Counselor is my husband’s friend.
Dear Positive Way, We’ve been having marriage problems consistently now for around 5 years, therefore we sought counseling, however the counselor is my husbands friend ( a pretty close friend too.) Actually it’s a husband and wife team that counsels us from our church. Now, this troubles me, that the counselor is my husbands friend, because I feel he may become bias. am I wrong for thinking this? I think as well intentioned as he may be, that it’s only human nature to want to side with your buddy and not offend him. I just don’t think it is wise. I’ve presented this to my husband and he refuses to counsel with anyone else. I’ve explained how it makes me feel, like I am at a total disadvantage in this arrangement, but he is totally only headstrong in counseling with them. He said I just want to seek out another counselor because I don’t like what they are pointing out about me, but that’s not the truth. It’s just something that keeps popping up in my mind as we counsel with them that wouldn’t be! an issue if we counseled from someone neither of us had a close connection with. I don’t know what to do because he refuses to go to seek help from anyone else.
Another counselor so that there is not question of partiality between us.
How might that happen. signed, CINNAMON, age 47
Dear CINNAMON, You are totally right in this situation. You should not have counseling by anyone that already has a bias – in this case a friend to your husband. Counselor’s are human and they will have their bias no matter how they may claim they won’t. This counselor should withdraw themselves and give you a referral to someone else in the field. If they can’t provide a referral then seek one out through social services, your family physician, or the yellow pages. Here are a couple of suggestions for you to consider.
1. Meet with the current counselor by yourself and ask them to withdraw their services and give you a referral. If they have any ethics and understanding in this matter they will not hesitate to do it. Ask them to tell your husband that they are withdrawing themselves because of the possible bias that can surface even if they don’t want it to.
2. If they refuse to honor your wishes then stop going to them. Seek out your own counselor and pursue counseling yourself. You can ask your husband to join you but it is not necessary at this time. Surprisingly so, you can improve your relationship just by getting your own counseling and this has been the case in many relationships. Many partners refuse counseling but that doesn’t mean that the other partner should not seek counsel. Get your own counselor for now and you will learn some good information that can lead you in the right direction.
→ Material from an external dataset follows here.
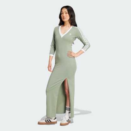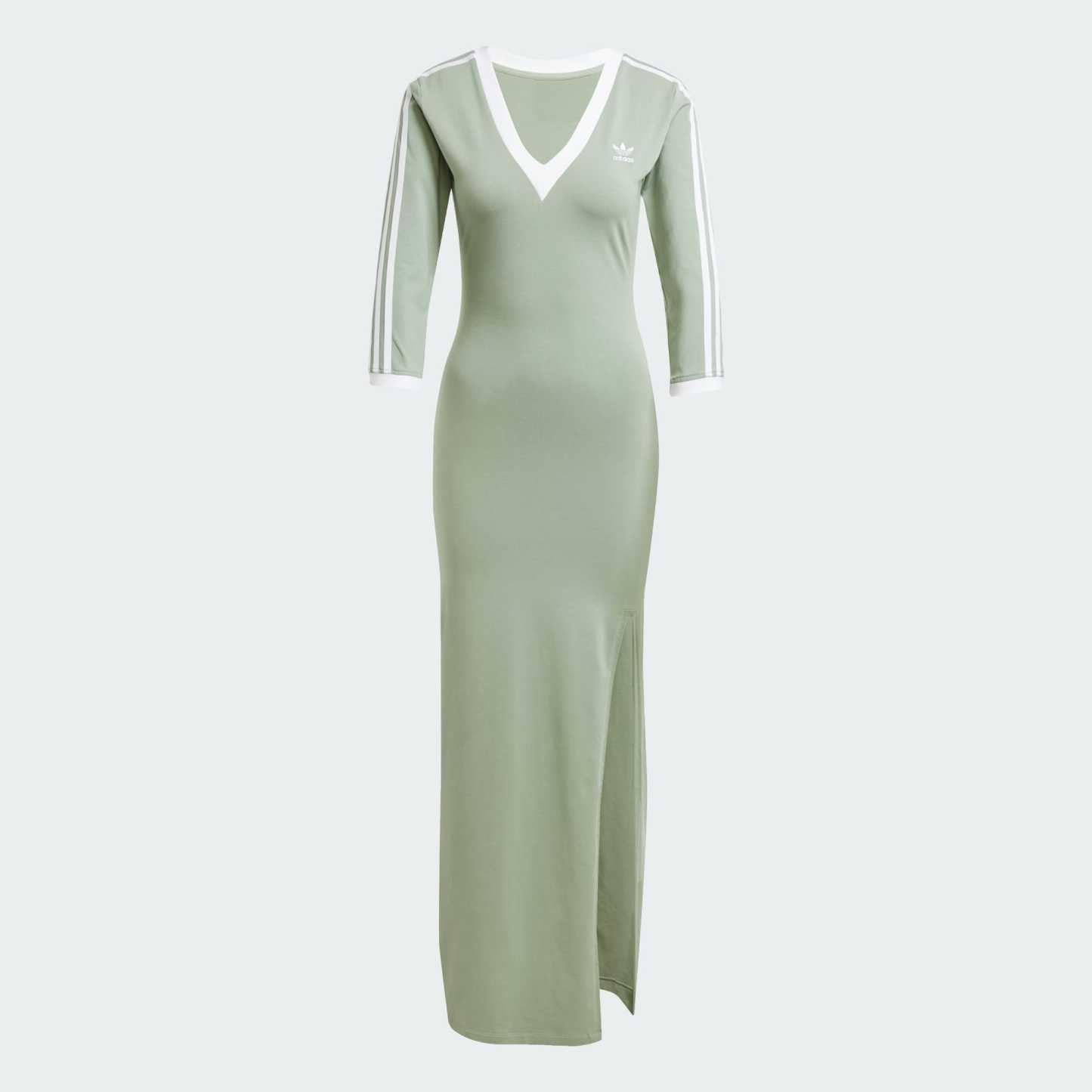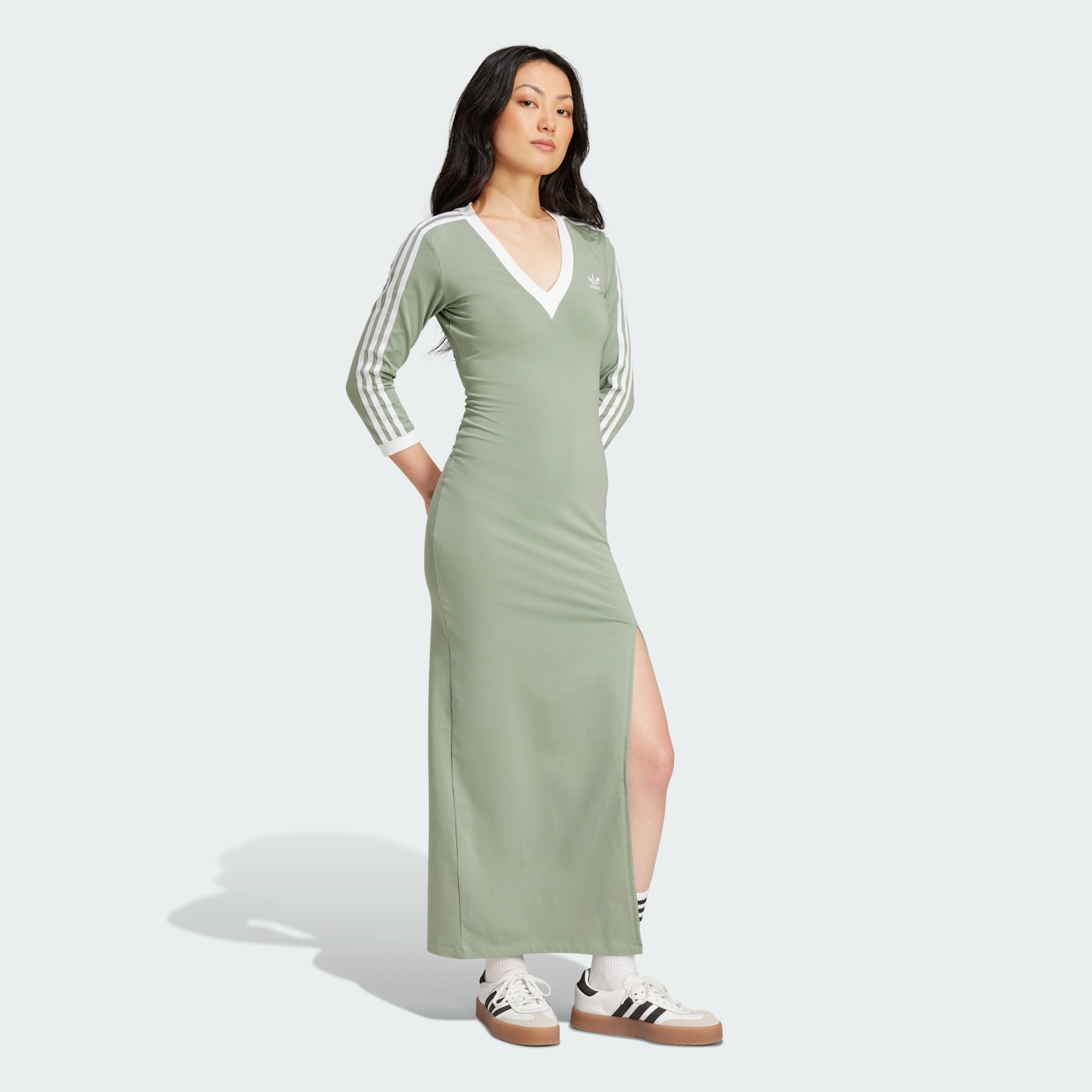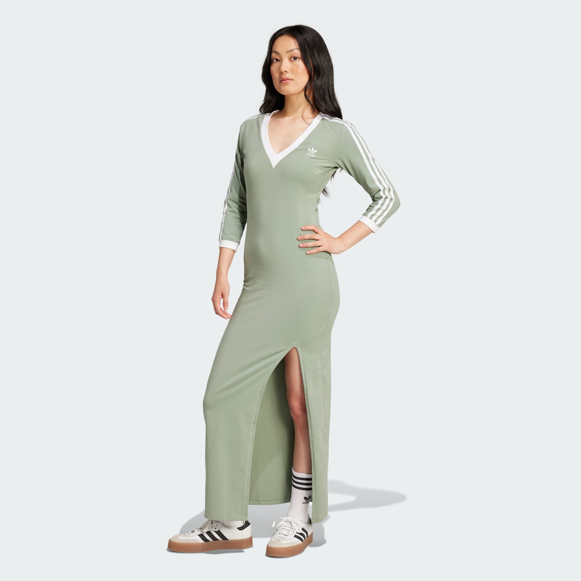 Make a statement without sacrificing comfort with the adithtdas Adicolor Classics 3-Stripes Maxi Dress. The soft cotton blend single jersey fabric allows for effortless comfort in a dress that's cut to hug the body. A V-neck and 3-Stripes along the sleeves add a sporty vibe. Perfect for everyday casual wear that ensures your style is always on point.

Remember, you cannot change the other person but you can change yourself. As you change and grow, you partner will change and grow in response to your change. For every positive action you take for yourself that alone can “influence change” within the relationship. Seek out a new counselor for yourself and see what happens from there.
Please understand you have free will. This advice is given only in the realm
of personal growth and self-help. This is not to be considered a substitute
for therapy or professional counseling. We wish you well.